--- Aim of the exercise ---
The line containing "目前牙科較常使用的顏色系統是" and every line after it, through the end of the records below, are to be reproduced exactly, with the pictures left out.

--- Material supplied ---
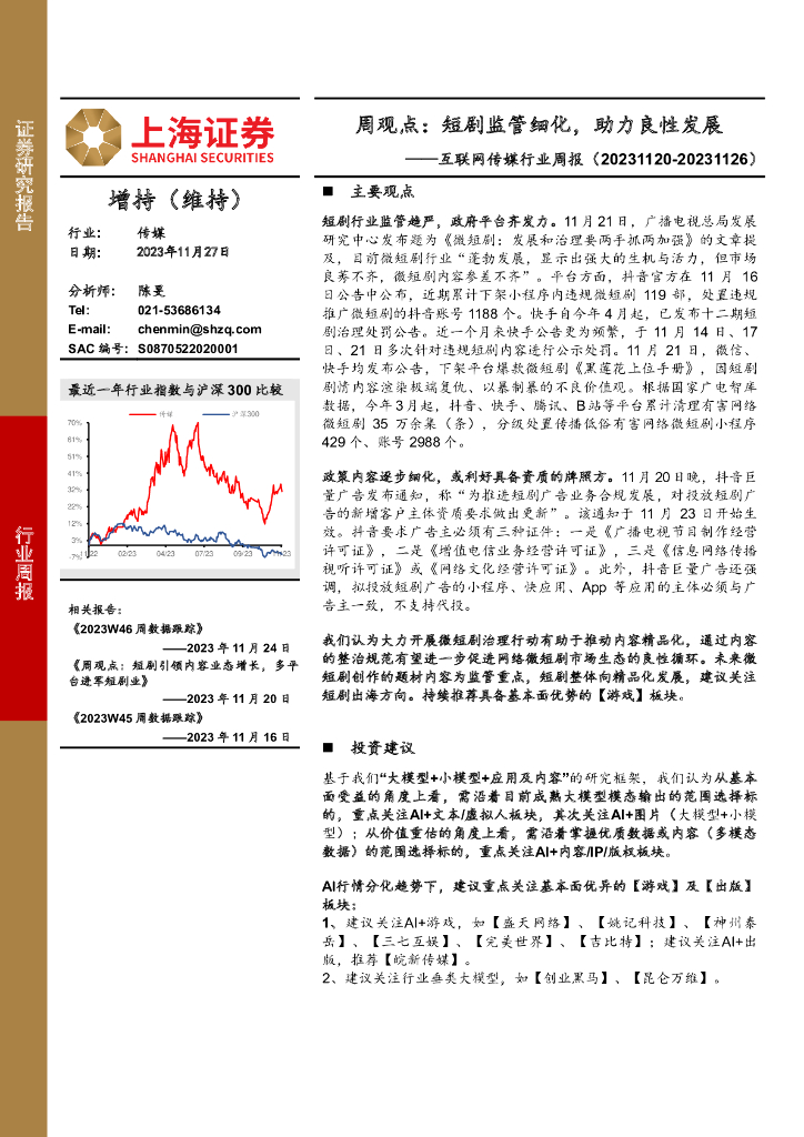 上海证券:互联网传媒行业周报:周观点:短剧监管细化,助力良性发展.pdf
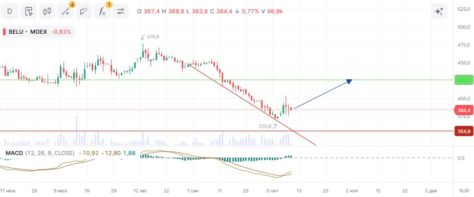 Актив завершил этап снижения, пробив ключевой уровень нисходящего тренда. После тестирования области исторических минимумов успешно провел ретест пробитой линии сопротивления. Цена закрепилась выше уровня бывшего трендового сопротивления, подтвердив смену тенденции. При объеме позиции 6% и выставлении стоп-заявки на уровне 354,9 руб. риск на портфель составит 0,45%.
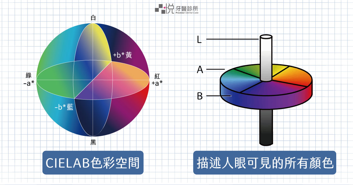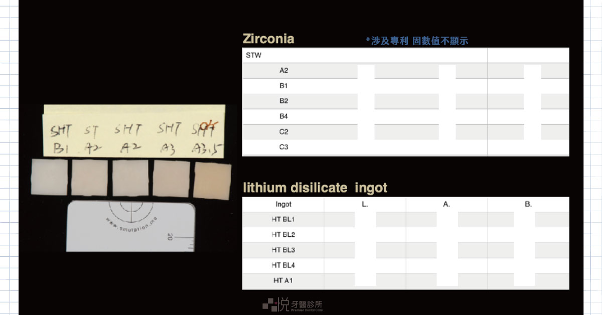 目前牙科較常使用的顏色系統是「CIELAB色彩空間」,絕大部分顏色都可以找到自己的顏色編碼。而技師手邊也有建立龐大的瓷粉、瓷塊的顏色資料庫。運用這些數字,選取相對應的陶瓷來製作、調色,這種方法叫做「e化比色」,是一種非常科學、精準的比色方式,也是目前饒醫師採用的方法。
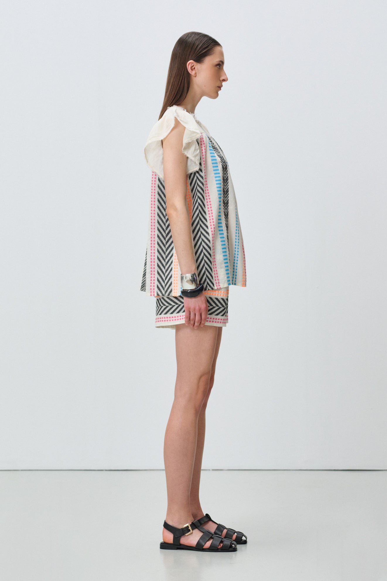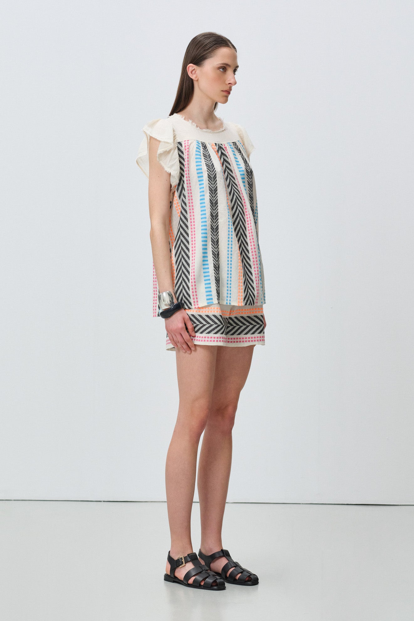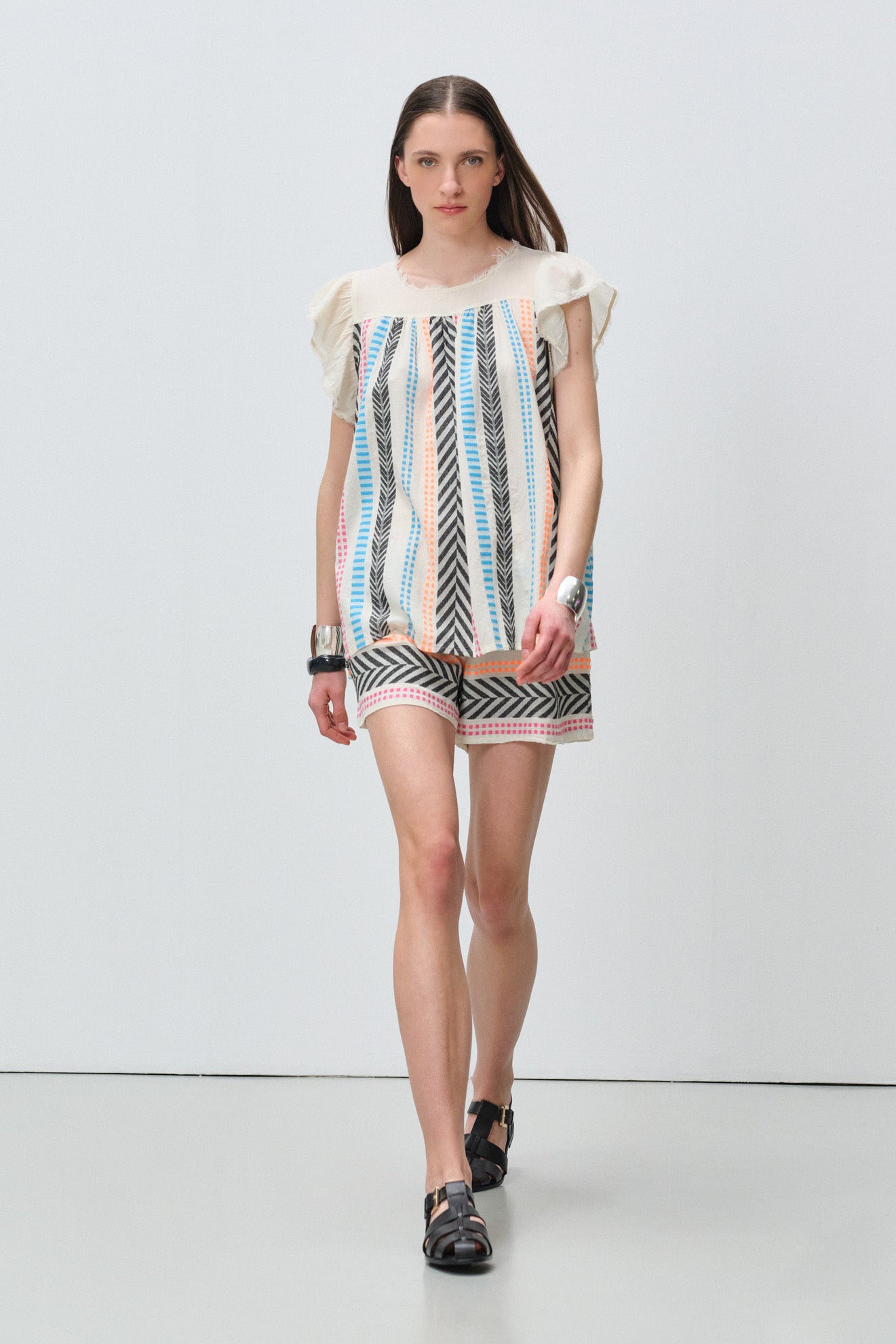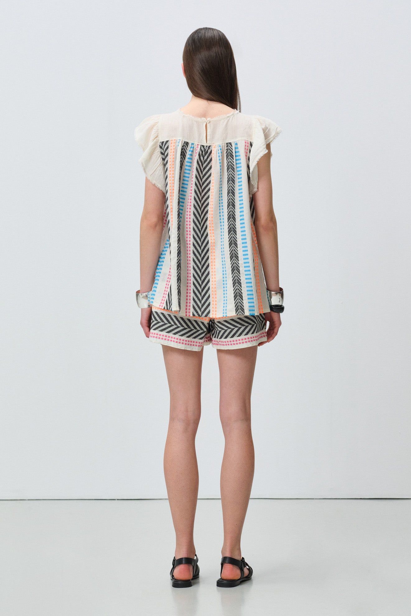 Round neckline with delicate ruffle-trimmed flutter sleeves
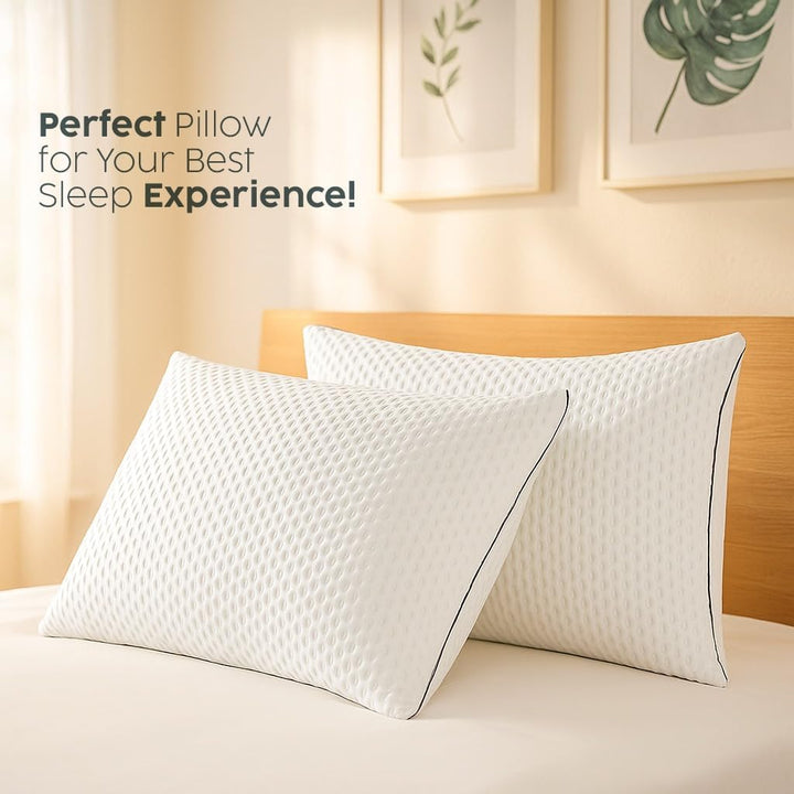 Casabella Pillows - Shredded Memory Foam - Pillow 2 Pack for Neck & Back Support, Shoulder Pain Relief - Breathable Medium Firm Pillows - Hypoallergenic Bedding, Luxury Sleep Experience 50x70cm.

--- Exercise output ---
 目前牙科較常使用的顏色系統是「CIELAB色彩空間」,絕大部分顏色都可以找到自己的顏色編碼。而技師手邊也有建立龐大的瓷粉、瓷塊的顏色資料庫。運用這些數字,選取相對應的陶瓷來製作、調色,這種方法叫做「e化比色」,是一種非常科學、精準的比色方式,也是目前饒醫師採用的方法。
 Round neckline with delicate ruffle-trimmed flutter sleeves
 Casabella Pillows - Shredded Memory Foam - Pillow 2 Pack for Neck & Back Support, Shoulder Pain Relief - Breathable Medium Firm Pillows - Hypoallergenic Bedding, Luxury Sleep Experience 50x70cm.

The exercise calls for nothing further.